------ Input material ------
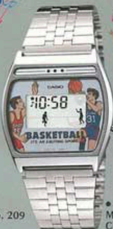
• GF-11 Module No. 209 Chrome plated
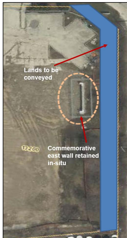
Detail of subject property showing lands to be conveyed.

In light of the requirements by the Region of York for development approval, the applicant, the Académie de la Moraine, is requesting an amendment to the Designating By-law. It is now appropriate to exclude the areas that are to be conveyed to the Region of York.
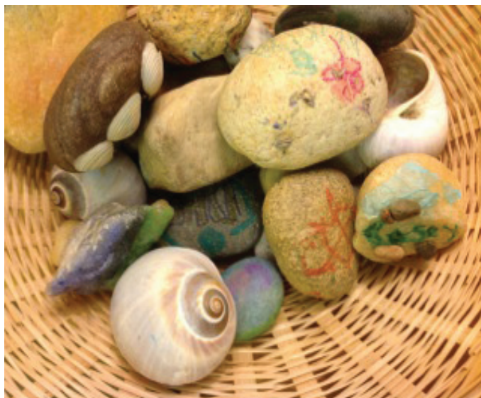
Created by Children in the RE Program
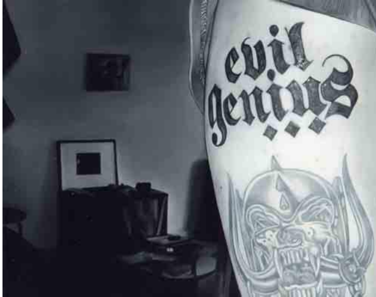
JAMES WHITE (B. 1967)

New Tattoo oil on plywood Painted in 2003
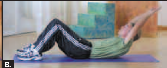
B. Long Arm Crunch
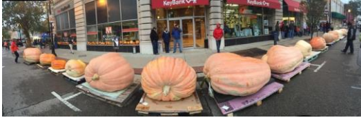
Pumpkin weigh-in 2015
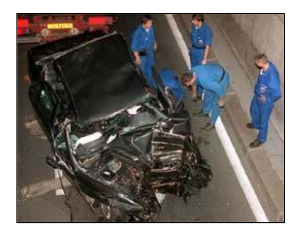
SMASH: Twisted wreckage of the Mercedes Diana was travelling in

believed there was a concerted attempt to undermine her in the public's eyes.
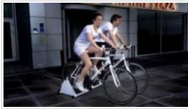
Hotel guests pedal for their supper
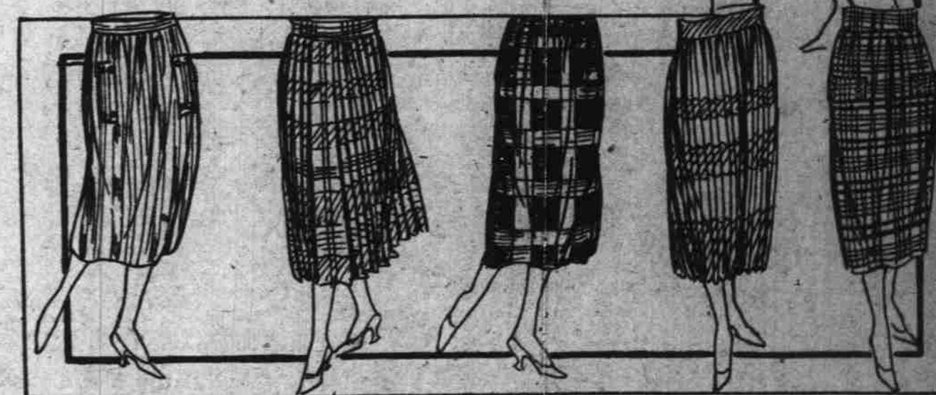
SKETCHED FROM SKIRTS ON SALE
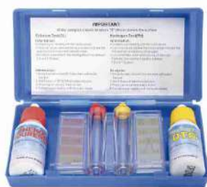
Basic Test Kit chlorine and pH
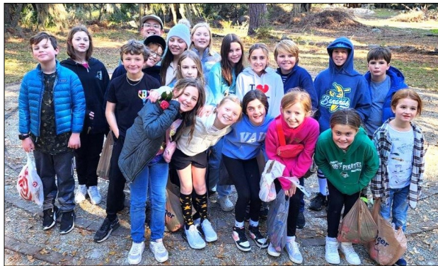
Fourth and Fifth graders attending their New Year's Retreat at Wesley Gardens.
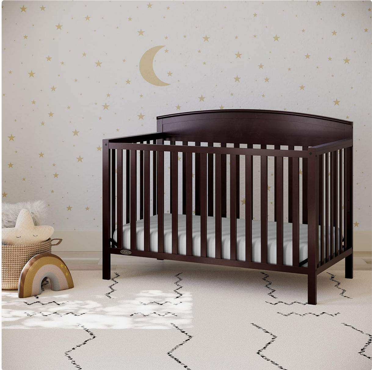
Image: Front view of the assembled Graco Benton Crib, ready for use.
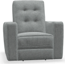
31 Wallhugger Power Recliner w/ Power Headrest

39 x 41 x 42" 100 x 103 x 107 cm IA: 23" / 59 cm
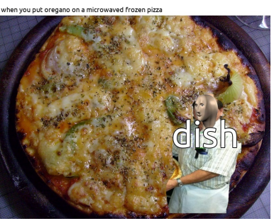
Figure 13: Meme generated with the input "When you put oregano on a microwaved frozen pizza".

lated to the wide variety of results for the same input, which may indicate some degree of creativity. We also consider that the high level of unpredictability is not an issue since, as seen in Table 3b, the participants stated that they would use the produced memes in a social media post or an informal text conversation. Lastly, according to user feedback, another important element to be improved was the typography. Both sentences were sometimes hard to read on a smartphone and sometimes even on a computer, as such, it's a detail that needed to be addressed.
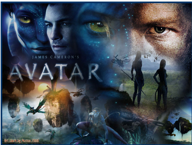
Fig. 7. The Fantasy Movie, Avatar

Like this, the digital contents technology was very excellent on giving body to mythological and heroic epic stories. In particular, along with fantasy literary works like J. K. Rowling(1965-present)'s Harry Potter (1997-2007) and C. S. Lewis(1898-1963)'s The Chronicles of Narnia (1950-1956) [1]-[2], [5], [25], The Lord of the Rings Trilogy has left a deep impression to the audience. Among them, The Lord of the Rings Trilogy seemed to gain the broadest interests from the audience because of its heroic spectacle and mythological caliber.
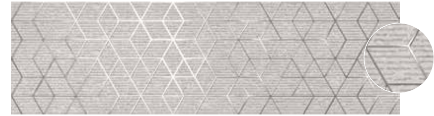
DECOR REVERSE GREY 29 X 100 RECT.
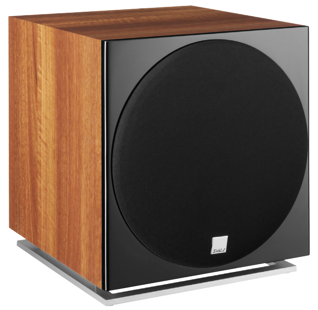
DALI SUB E-12 F
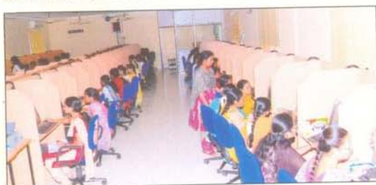
III Year & Final Year Students Undergoing 5 days training on "DCS" Training Program from 26-8-08 to 30-8-08
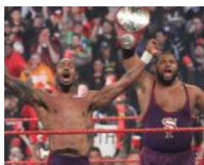
WWE Raw Brooklyn
------
Task item |
Set the entries down again exactly. Do not include the images.

Response |
• GF-11 Module No. 209 Chrome plated
Detail of subject property showing lands to be conveyed.

In light of the requirements by the Region of York for development approval, the applicant, the Académie de la Moraine, is requesting an amendment to the Designating By-law. It is now appropriate to exclude the areas that are to be conveyed to the Region of York.
Created by Children in the RE Program
JAMES WHITE (B. 1967)

New Tattoo oil on plywood Painted in 2003
B. Long Arm Crunch
Pumpkin weigh-in 2015
SMASH: Twisted wreckage of the Mercedes Diana was travelling in

believed there was a concerted attempt to undermine her in the public's eyes.
Hotel guests pedal for their supper
SKETCHED FROM SKIRTS ON SALE
Basic Test Kit chlorine and pH
Fourth and Fifth graders attending their New Year's Retreat at Wesley Gardens.
Image: Front view of the assembled Graco Benton Crib, ready for use.
31 Wallhugger Power Recliner w/ Power Headrest

39 x 41 x 42" 100 x 103 x 107 cm IA: 23" / 59 cm
Figure 13: Meme generated with the input "When you put oregano on a microwaved frozen pizza".

lated to the wide variety of results for the same input, which may indicate some degree of creativity. We also consider that the high level of unpredictability is not an issue since, as seen in Table 3b, the participants stated that they would use the produced memes in a social media post or an informal text conversation. Lastly, according to user feedback, another important element to be improved was the typography. Both sentences were sometimes hard to read on a smartphone and sometimes even on a computer, as such, it's a detail that needed to be addressed.
Fig. 7. The Fantasy Movie, Avatar

Like this, the digital contents technology was very excellent on giving body to mythological and heroic epic stories. In particular, along with fantasy literary works like J. K. Rowling(1965-present)'s Harry Potter (1997-2007) and C. S. Lewis(1898-1963)'s The Chronicles of Narnia (1950-1956) [1]-[2], [5], [25], The Lord of the Rings Trilogy has left a deep impression to the audience. Among them, The Lord of the Rings Trilogy seemed to gain the broadest interests from the audience because of its heroic spectacle and mythological caliber.
DECOR REVERSE GREY 29 X 100 RECT.
DALI SUB E-12 F
III Year & Final Year Students Undergoing 5 days training on "DCS" Training Program from 26-8-08 to 30-8-08
WWE Raw Brooklyn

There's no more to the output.